Voor levende biologische factoren maakt het Arbobesluit onderscheid in gericht gebruik van micro-organismen en het niet-gericht werken met ziekteverwekkers. Voor de textiel- en tapijtsector zijn alleen de regels voor het niet-gericht werken met biologische agentia relevant. Het Arbobesluit hanteert verder een indeling van biologische agentia in 4 categorieën, waarbij categorie 1 het minst risicovol en categorie 4 het meest risicovol is. Categorie 1 en 2 komen het meeste voor. Zo valt bijvoorbeeld ook legionella in categorie 2. In uitzonderlijke gevallen komen biologische agentia uit categorie 3 en 4 voor. Bij bedrijven in de textiel- en tapijtsector is dit mogelijk bij koeltorens en in oppervlaktewater. Onder ‘inventarisatie’ wordt verder ingegaan op de categorie-indeling.
Voor het niet-gericht werken met categorie 1 agentia is alleen artikel 4.86 van toepassing. Hierin staat dat in deze situaties de grootst mogelijke zorgvuldigheid, ordelijkheid en zindelijkheid in acht genomen moeten worden en de noodzakelijke hygiënische voorzieningen moeten worden getroffen.
Voor het niet-gericht werken met categorie 2, 3 of 4 agentia gelden de volgende voorschriften:
Artikel Arbobesluit |
Onderwerp |
4.85 |
Uitvoeren van een nadere RI&E biologische agentia. |
4.87 |
Voorkomen van blootstelling door vervanging |
4.87a |
Voorkomen of beperken van blootstelling |
4.87b |
Maatregelen legionella bij luchtbevochtings- en waterinstallaties |
4.89 |
Hygiënische beschermingsmaatregelen treffen. |
4.91 |
Arbeidsgezondheidskundig onderzoek. |
4.93 |
Informeren van OR over RI&E biologische agentia. |
4.95 |
In kennis stellen Inspectie SZW bij incidenten met agentia categorie 3 of 4. |
4.102 |
Voorlichting werknemers over risico’s, maatregelen, acties na ongeval, werkkleding en persoonlijke beschermingsmiddelen.
|
klik op het artikel voor meer informatie
De werkgever is volgens de Arbo-wet ook verantwoordelijk voor het voorkomen van gevaar voor derden. De werkgever moet de veiligheid en gezondheid beschermen van derden die zich in het bedrijf of de onmiddellijke omgeving daarvan bevinden, zoals aannemers, bezoekers en voorbijgangers. Dit is met name van belang in verband met legionella. Het niet naleven van de bepalingen is een overtreding en kan dus door middel van het strafrecht (Wet op de economische delicten) worden vervolgd en bestraft. Bij koeltorens moet de werkgever ook zorgen voor bescherming van de omgeving buiten het bedrijfsterrein tegen blootstelling aan legionellabacteriën. Deze verantwoordelijkheid valt onder de Wet milieubeheer.
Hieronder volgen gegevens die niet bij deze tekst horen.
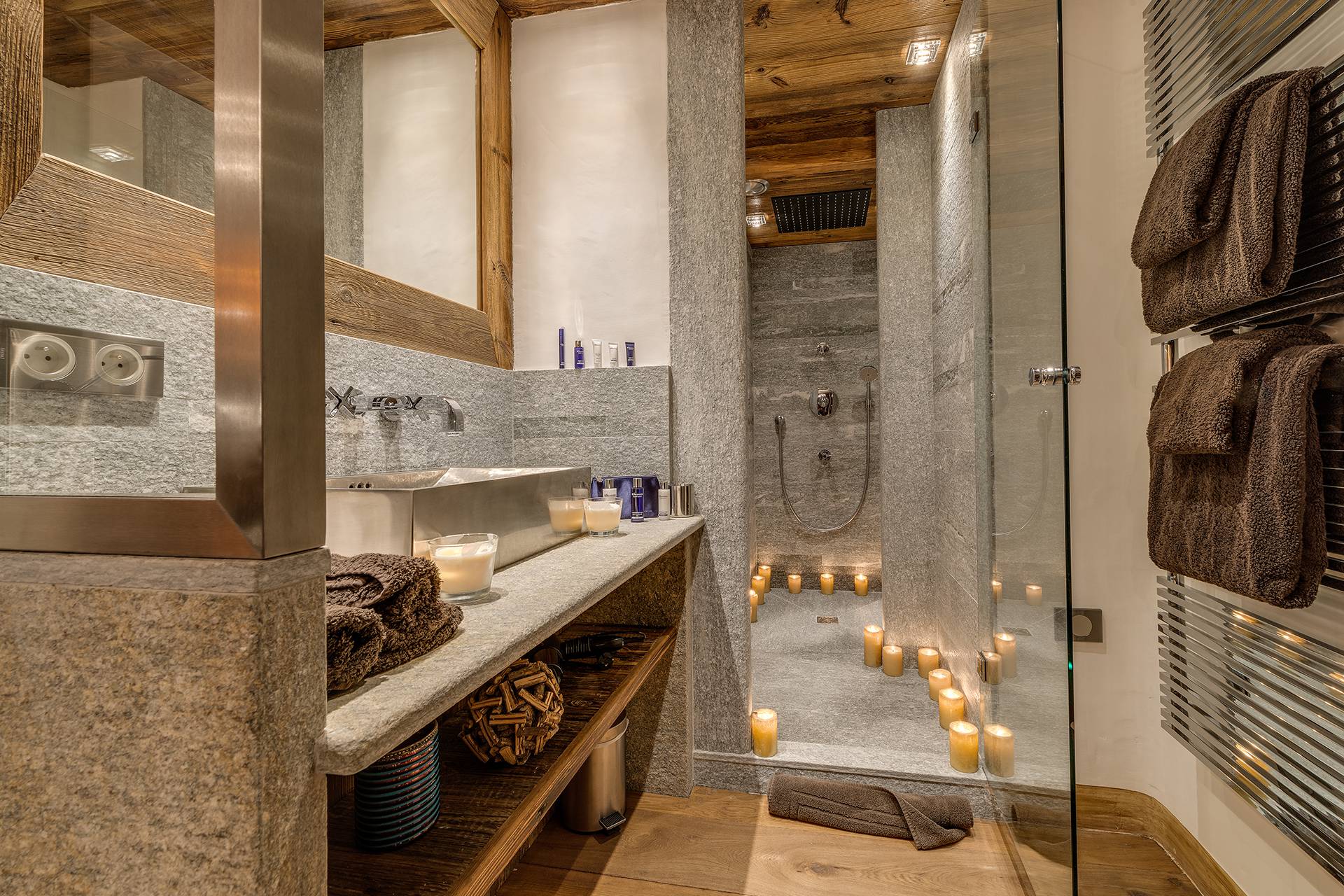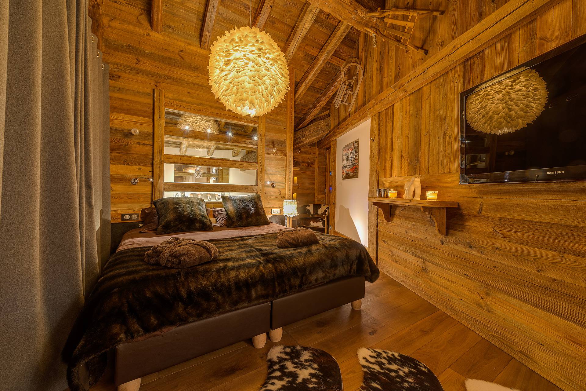 Prenant place au milieu des sapins enneigés, la devanture de bois de cette merveille des Alpes semble impressionnante. En effet, ce chalet recèle plus d’une surprise incroyable. Décoré de façon traditionnelle, ses belles mansardes de bois ainsi que son mobilier font indéniablement penser à la montagne. Sous un dôme de pierre, pénétrez dans cette merveille au firmament du luxe.

Niet-levende biologische factoren
Voor de textiel- en tapijtsector zijn met name de volgende niet-levende biologische factoren van belang: katoenstof en endotoxinen. Voor deze stoffen moeten, net als voor andere toxische stoffen, gezondheidskundig onderbouwde grenswaarden worden afgeleid. Indien er geen wettelijke grenswaarde beschikbaar is, moet een branche- of bedrijfsnorm worden opgesteld of een veilige werkwijze worden vastgesteld.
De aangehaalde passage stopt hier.